Here’s how it all fits together.

The Pipeline at a Glance

graph LR
    A[git push to main] --> B[Jekyll Build & Deploy]
    A --> C[CodeQL Security Scan]
    A --> D[SEO Health Check]
    E[Daily 10:05 UTC] --> B
    F[Weekly Friday 02:43 UTC] --> C
    G[Weekly Monday 06:00 UTC] --> D
    H[Dependabot] --> I[PRs for dependency updates]
    I --> A

Workflow	File	Triggers	Purpose
Build & Deploy	`jekyll.yml`	Push, daily cron, manual	Build site, validate sitemap, deploy to GitHub Pages
CodeQL	`codeql.yml`	Push, PR, weekly cron	Security scanning of GitHub Actions workflows
SEO Health Check	`seo-health-check.yml`	Push (path-filtered), weekly cron, manual	Lighthouse CI, link checking, SEO validation
Dependabot	`dependabot.yml`	Daily (Actions, Bundler), weekly (npm)	Dependency update PRs

Workflow 1: Build and Deploy

This is the core workflow. It replaced the default GitHub Pages build in August 2024 when I needed custom plugins that aren’t in the GitHub Pages whitelist.

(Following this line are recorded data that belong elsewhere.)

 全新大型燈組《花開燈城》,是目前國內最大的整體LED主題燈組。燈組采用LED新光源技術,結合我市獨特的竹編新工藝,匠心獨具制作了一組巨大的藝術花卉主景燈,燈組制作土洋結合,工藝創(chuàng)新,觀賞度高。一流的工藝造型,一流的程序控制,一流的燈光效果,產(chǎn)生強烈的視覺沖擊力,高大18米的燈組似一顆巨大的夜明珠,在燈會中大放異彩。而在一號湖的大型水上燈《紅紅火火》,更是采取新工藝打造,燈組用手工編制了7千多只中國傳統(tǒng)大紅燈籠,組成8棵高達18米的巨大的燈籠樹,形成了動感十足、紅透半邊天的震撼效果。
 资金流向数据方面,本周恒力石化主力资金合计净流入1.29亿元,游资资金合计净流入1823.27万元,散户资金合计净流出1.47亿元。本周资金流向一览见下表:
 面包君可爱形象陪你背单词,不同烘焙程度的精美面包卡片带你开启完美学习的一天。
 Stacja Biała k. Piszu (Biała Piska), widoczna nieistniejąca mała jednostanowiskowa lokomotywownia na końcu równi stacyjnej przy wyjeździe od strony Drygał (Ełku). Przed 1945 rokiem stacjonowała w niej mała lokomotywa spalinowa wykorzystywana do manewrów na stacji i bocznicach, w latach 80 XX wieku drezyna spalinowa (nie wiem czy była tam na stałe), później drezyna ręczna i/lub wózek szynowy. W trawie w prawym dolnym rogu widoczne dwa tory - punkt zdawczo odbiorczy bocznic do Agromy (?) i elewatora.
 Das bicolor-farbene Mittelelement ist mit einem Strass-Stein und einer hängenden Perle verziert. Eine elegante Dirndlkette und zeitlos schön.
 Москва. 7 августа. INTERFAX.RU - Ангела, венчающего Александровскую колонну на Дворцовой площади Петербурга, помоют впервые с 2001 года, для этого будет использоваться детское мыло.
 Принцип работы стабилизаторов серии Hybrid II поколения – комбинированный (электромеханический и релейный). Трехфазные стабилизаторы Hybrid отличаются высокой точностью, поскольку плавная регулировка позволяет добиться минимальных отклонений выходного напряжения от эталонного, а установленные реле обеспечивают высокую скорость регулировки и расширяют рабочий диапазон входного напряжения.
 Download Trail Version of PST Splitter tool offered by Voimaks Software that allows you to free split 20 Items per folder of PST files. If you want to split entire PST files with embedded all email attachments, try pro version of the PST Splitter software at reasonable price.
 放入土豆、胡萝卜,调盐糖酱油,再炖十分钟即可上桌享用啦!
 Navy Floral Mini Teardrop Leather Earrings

name: Deploy Jekyll site to Pages

on:
  push:
    branches: ["main"]
  schedule:
    - cron: '5 10 * * *'
  workflow_dispatch:

permissions:
  contents: read
  pages: write
  id-token: write

concurrency:
  group: "pages"
  cancel-in-progress: false

Why a Custom Build?

The default GitHub Pages Jekyll build is convenient but limiting:

No custom plugins — Only whitelisted gems run. My tag/category generator and Pandoc exports plugin need a custom build.
No Ruby version pinning — GitHub controls the Ruby version. I pin to 3.2.6 for reproducibility.
No build validation — The default build deploys whatever Jekyll produces. I validate the sitemap before deploying.

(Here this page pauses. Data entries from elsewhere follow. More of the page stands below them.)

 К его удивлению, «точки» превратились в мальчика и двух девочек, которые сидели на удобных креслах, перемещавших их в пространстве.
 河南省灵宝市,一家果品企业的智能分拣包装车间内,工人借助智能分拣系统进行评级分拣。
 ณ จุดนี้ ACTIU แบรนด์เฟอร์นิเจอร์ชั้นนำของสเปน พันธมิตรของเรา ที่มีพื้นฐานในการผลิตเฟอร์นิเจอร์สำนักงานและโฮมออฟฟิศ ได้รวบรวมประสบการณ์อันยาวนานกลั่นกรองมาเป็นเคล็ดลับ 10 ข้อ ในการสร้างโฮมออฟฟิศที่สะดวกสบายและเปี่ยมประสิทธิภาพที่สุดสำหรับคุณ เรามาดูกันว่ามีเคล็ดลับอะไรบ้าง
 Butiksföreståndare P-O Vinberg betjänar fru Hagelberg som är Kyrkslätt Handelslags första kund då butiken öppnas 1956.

Scheduled Builds for Future Posts

The schedule trigger is the key feature that makes future-dated posts work:

schedule:
  - cron: '5 10 * * *'  # 10:05 UTC daily (6:05 AM EDT)

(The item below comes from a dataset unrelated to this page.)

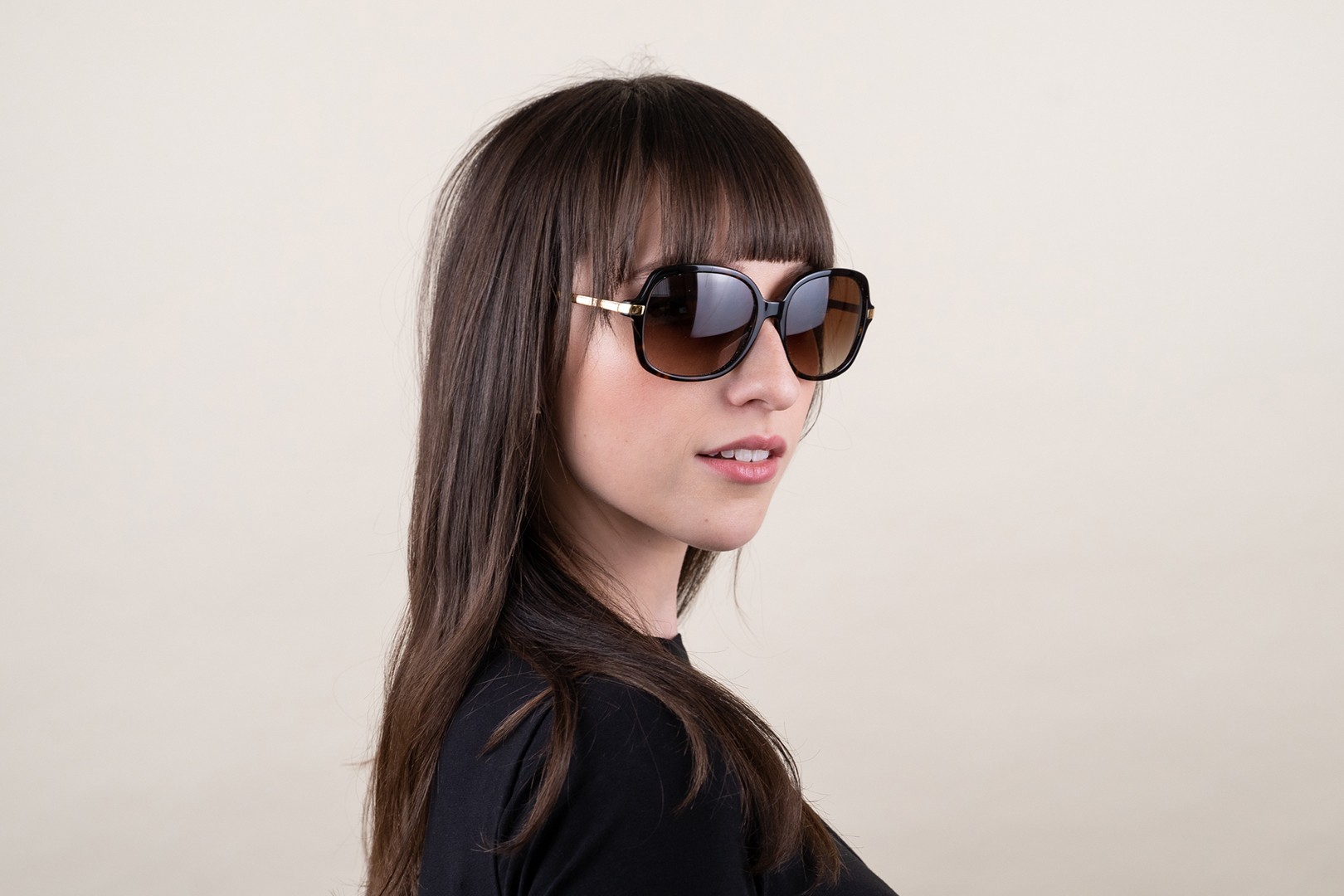 • A cor castanha da armação combina perfeitamente com um tom de pele quente e um cabelo castanho claro, preto ou loiro escuro.

See GitHub’s scheduled events documentation for cron syntax details.

Jekyll’s future: false setting (the default) excludes posts with dates in the future from the build output. When a post’s date arrives, the next build picks it up. The daily cron at 10:05 UTC (6:05 AM EDT) means a post dated 2026-05-15 will go live within 24 hours of that date — close enough for a blog.

Without this, I’d have to manually push a commit or trigger a build on the day I want a post to go live.

The `--future` Flag Gotcha

During local development, bundle exec jekyll serve also respects future: false — future-dated posts won’t render locally unless you add the --future flag:

bundle exec jekyll serve --future

This confused me early on. I’d write a post with tomorrow’s date, run the local server, and the post wouldn’t appear. The future: false config setting only controls the build output, not whether the file is recognized. The --future flag overrides it for local previewing. In production, the daily cron handles it — you never need future: true in _config.yml.

Sitemap Validation

After discovering that a bad build once deployed a sitemap full of localhost URLs, I added a pre-deploy validation step:

- name: Validate sitemap URLs
  run: |
    if grep -q 'localhost' ./_site/sitemap.xml; then
      echo "::error::sitemap.xml contains localhost URLs"
      grep 'localhost' ./_site/sitemap.xml | head -5
      exit 1
    fi
    echo "Sitemap OK: all URLs use production domain"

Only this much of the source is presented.